Extinct suborder of reptiles

Notosuchia is a clade of primarily Gondwanan mesoeucrocodylian crocodylomorphs that lived during the Jurassic and Cretaceous. Some phylogenies recover Sebecosuchia as a clade within Notosuchia, others as a sister group (see below); if Sebecosuchia is included within Notosuchia its existence is pushed into the Late Miocene or Early Pliocene, about 7 to 4.5 million years ago. Fossils have been found from South America, Africa, Asia, and Europe. Notosuchia was a clade of terrestrial crocodilians that evolved a range of feeding behaviours, including herbivory (Chimaerasuchus), omnivory (Simosuchus), and terrestrial hypercarnivory (Baurusuchus). It included many members with highly derived traits unusual for crocodylomorphs, including mammal-like teeth, flexible bands of shield-like body armor similar to those of armadillos (Armadillosuchus), and possibly fleshy cheeks and pig-like snouts (Notosuchus). The clade was first named in 1971 by Zulma Gasparini and has since undergone many phylogenetic revisions.

==Description==
Notosuchians were generally small, with slender bodies and erect limbs. The most distinctive characteristics are usually seen in the skull. Notosuchian skulls are generally short and deep. While most are relatively narrow, some are very broad. Simosuchus has a broadened skull and jaw that resembles a pug, while Anatosuchus has a broad, flat snout like that of a duck.

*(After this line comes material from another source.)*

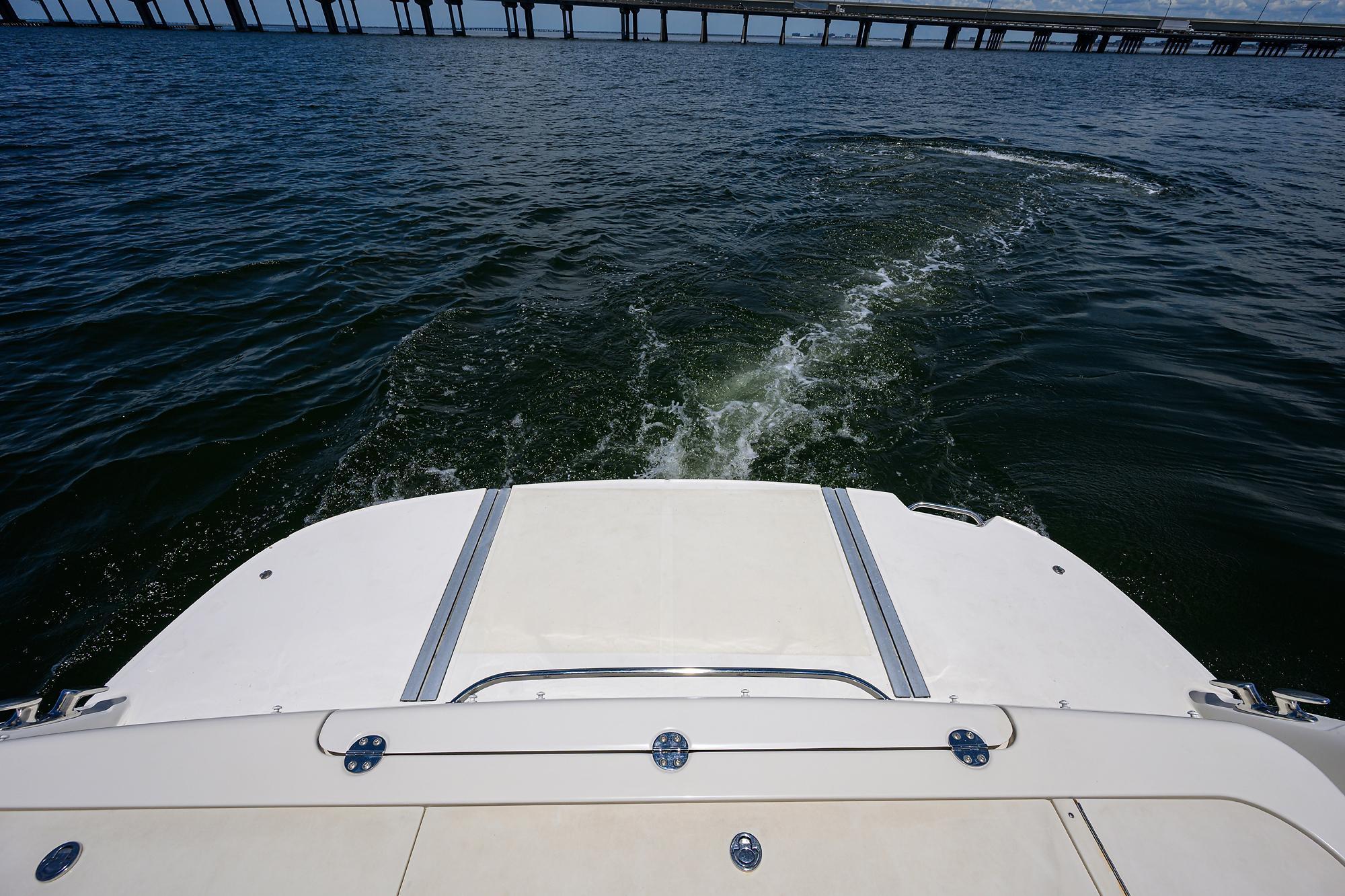 Aft Deck / PlatformThe aft deck has a molded bench seat and two folding chairs. A large deck hatch is located in the floor with access the engine room. The fixed swim platform allows easy access to the dock or enjoying some time in the water. There are molded in steps on either side allowing gentle access to the side decks and bow where there is a large sun pad. The platform has a large storage locker to accommodate gear as well as several smaller cabinets on the aft deck.

The teeth vary greatly between different genera. Many have heterodont dentitions that vary in shape across the jaw. Often, there are large canine-like teeth protruding from the front of the mouth and broader molar-like teeth in the back. Some genera, such as Yacarerani and Pakasuchus, have extremely mammal-like teeth. Their molars are complex and multicuspid, and are able to occlude or fit with one another. Some forms such as Malawisuchus had jaw joints that enabled them to move the jaw back and forth in a shearing motion rather than just up and down.

A derived group of notosuchians, the baurusuchids differ considerably from other forms. They are very large in comparison to other notosuchians and are exclusively carnivorous. Baurusuchids have deep skulls and prominent canine-like teeth.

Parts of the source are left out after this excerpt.